| Assigned task |
Starting at the line that contains "Dior - B57 Baskets" and stopping after the line that contains "진입하여 좌측 'Access'의", transcribe the listing below exactly; do not include any pictures.

| Given data |
---*---
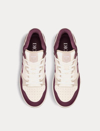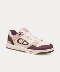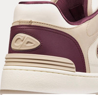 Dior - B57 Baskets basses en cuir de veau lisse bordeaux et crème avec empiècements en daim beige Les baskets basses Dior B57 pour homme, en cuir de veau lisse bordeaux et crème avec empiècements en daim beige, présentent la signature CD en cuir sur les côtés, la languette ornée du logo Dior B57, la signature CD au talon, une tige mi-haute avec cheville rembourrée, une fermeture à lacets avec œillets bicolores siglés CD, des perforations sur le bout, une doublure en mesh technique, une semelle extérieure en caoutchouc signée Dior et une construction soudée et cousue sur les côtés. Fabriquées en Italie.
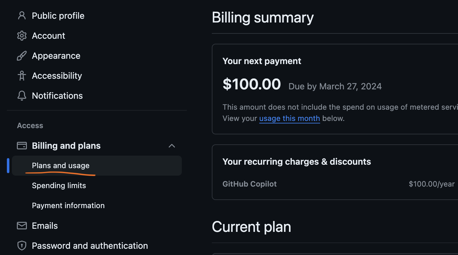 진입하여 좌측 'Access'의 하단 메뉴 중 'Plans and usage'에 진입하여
---*---
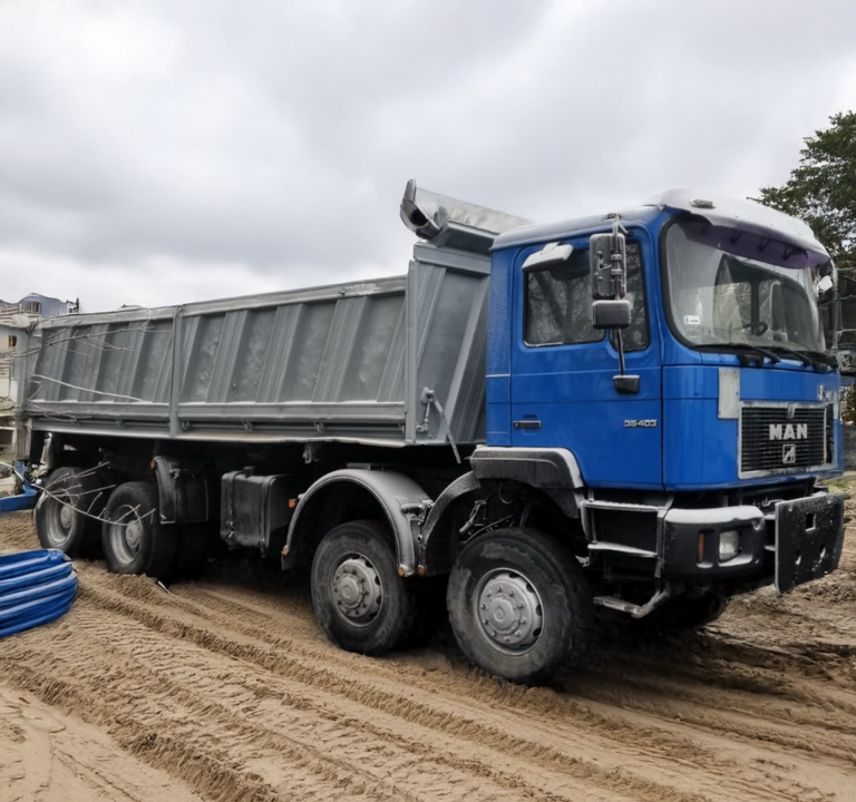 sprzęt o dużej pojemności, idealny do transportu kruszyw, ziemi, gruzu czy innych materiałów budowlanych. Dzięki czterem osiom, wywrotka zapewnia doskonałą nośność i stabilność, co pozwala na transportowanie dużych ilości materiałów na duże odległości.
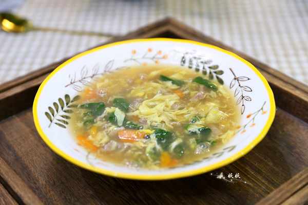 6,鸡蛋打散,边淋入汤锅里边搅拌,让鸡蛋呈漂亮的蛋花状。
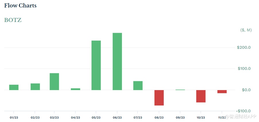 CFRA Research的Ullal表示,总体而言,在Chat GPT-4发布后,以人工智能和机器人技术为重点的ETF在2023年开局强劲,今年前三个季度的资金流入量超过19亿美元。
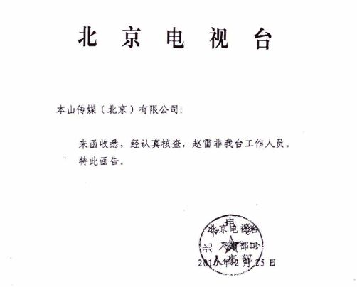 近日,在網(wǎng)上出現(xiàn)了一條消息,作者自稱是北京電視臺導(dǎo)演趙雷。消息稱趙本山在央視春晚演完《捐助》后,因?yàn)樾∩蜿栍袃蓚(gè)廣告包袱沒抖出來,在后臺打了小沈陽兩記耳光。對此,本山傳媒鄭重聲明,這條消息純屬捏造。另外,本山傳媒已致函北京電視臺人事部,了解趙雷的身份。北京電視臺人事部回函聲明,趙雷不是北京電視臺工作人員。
---*---
| Answer section |
 Dior - B57 Baskets basses en cuir de veau lisse bordeaux et crème avec empiècements en daim beige Les baskets basses Dior B57 pour homme, en cuir de veau lisse bordeaux et crème avec empiècements en daim beige, présentent la signature CD en cuir sur les côtés, la languette ornée du logo Dior B57, la signature CD au talon, une tige mi-haute avec cheville rembourrée, une fermeture à lacets avec œillets bicolores siglés CD, des perforations sur le bout, une doublure en mesh technique, une semelle extérieure en caoutchouc signée Dior et une construction soudée et cousue sur les côtés. Fabriquées en Italie.
 진입하여 좌측 'Access'의 하단 메뉴 중 'Plans and usage'에 진입하여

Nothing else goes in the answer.